START Data provided

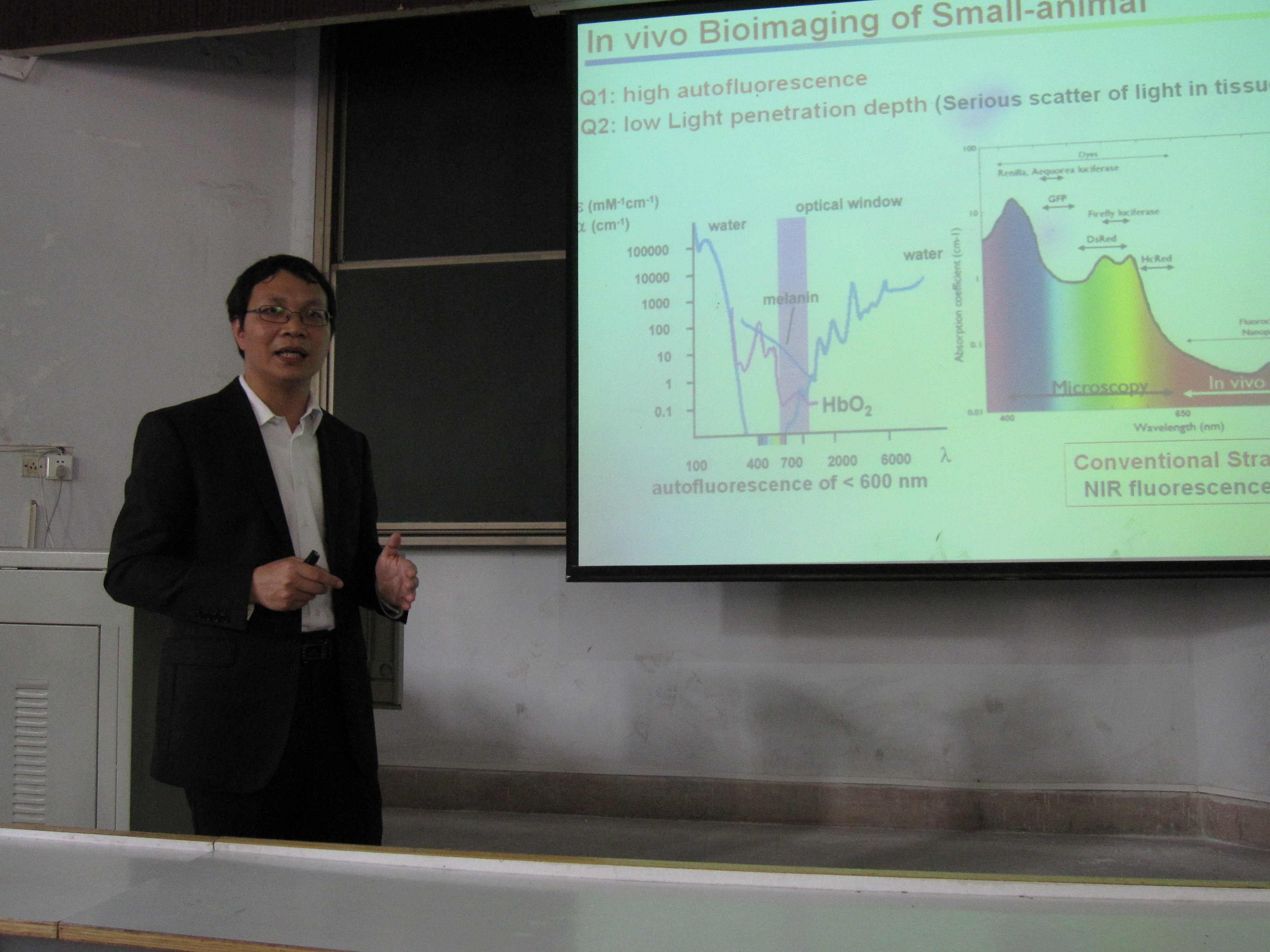 李富友教授首先介绍了什么是上转换发光材料,并从荧光探针和磷光配合物及其生物成像应用和上转换发光纳米材料及其生物医用两个方面了介绍了上转换发光材料的应用,接着对金属纳米材料和金属配合物两类上转换发光材料的优缺点进行了比较,最后介绍了一些上转换发光材料的生物应用存在的问题。李教授精彩的报告赢得了师生的阵阵掌声。会后,李富友教授与2026美加墨世界杯官网师生就报告相关内容进行了深入交流。
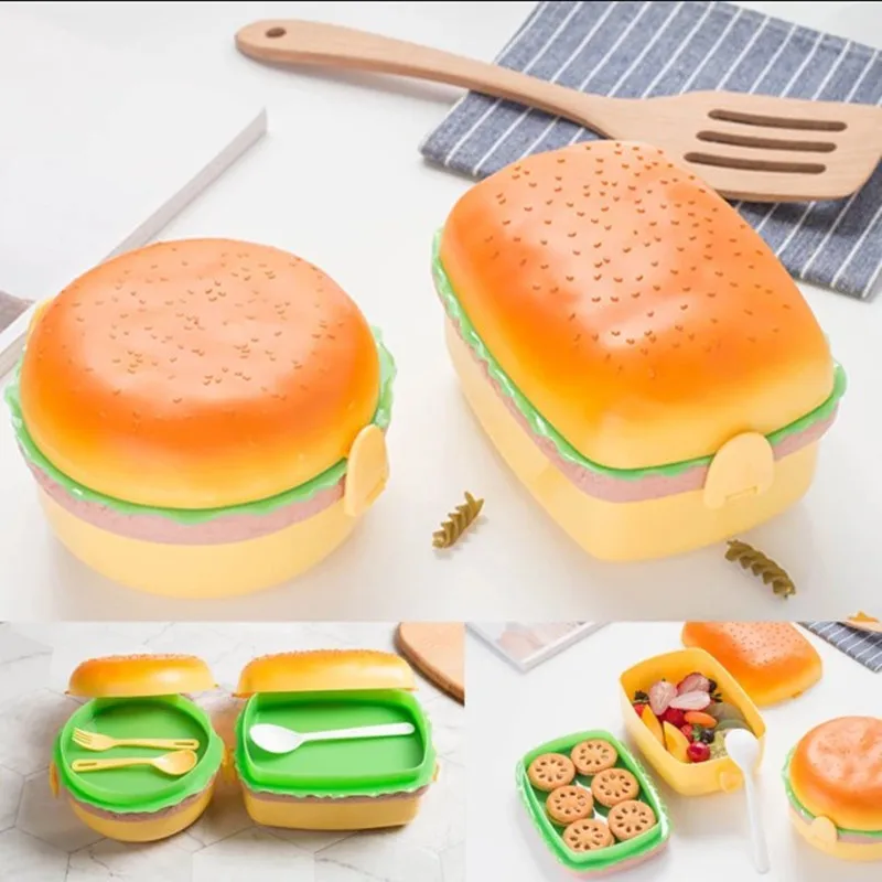 Милый гамбургер двухуровневый Ланч-бокс для бургеров Bento детский Ланч-бокс школьный контейнер для еды набор посуды с вилкой
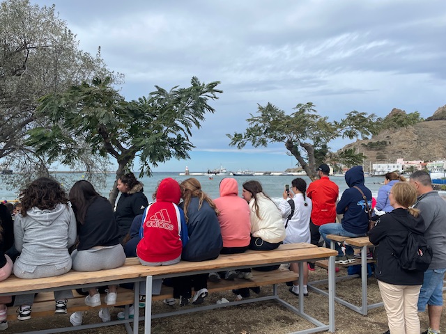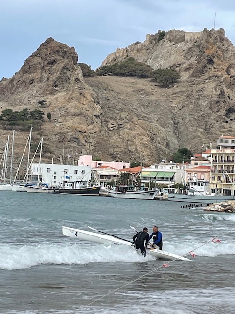 Das Kreuzfahrtschiff kam heute morgen übrigens tatsächlich, ankerte eine Weile außerhalb des Hafens. Die Passagiere, für die sicher eine Inselrundfahrt geplant war, wurden aber wegen des starken Windes und Wellengangs nicht an Land gebracht. Stattdessen konnten wir einen Wettbewerb des Hellas Rowing Team am Stadtstrand beobachten. Die Sportler ließen sich vom starken Wellengang nicht abschrecken.

END Data provided

### Task brief
Only the pictures stay behind; everything else in the data above is to be retyped exactly.

### Exercise result
 李富友教授首先介绍了什么是上转换发光材料,并从荧光探针和磷光配合物及其生物成像应用和上转换发光纳米材料及其生物医用两个方面了介绍了上转换发光材料的应用,接着对金属纳米材料和金属配合物两类上转换发光材料的优缺点进行了比较,最后介绍了一些上转换发光材料的生物应用存在的问题。李教授精彩的报告赢得了师生的阵阵掌声。会后,李富友教授与2026美加墨世界杯官网师生就报告相关内容进行了深入交流。
 Милый гамбургер двухуровневый Ланч-бокс для бургеров Bento детский Ланч-бокс школьный контейнер для еды набор посуды с вилкой
 Das Kreuzfahrtschiff kam heute morgen übrigens tatsächlich, ankerte eine Weile außerhalb des Hafens. Die Passagiere, für die sicher eine Inselrundfahrt geplant war, wurden aber wegen des starken Windes und Wellengangs nicht an Land gebracht. Stattdessen konnten wir einen Wettbewerb des Hellas Rowing Team am Stadtstrand beobachten. Die Sportler ließen sich vom starken Wellengang nicht abschrecken.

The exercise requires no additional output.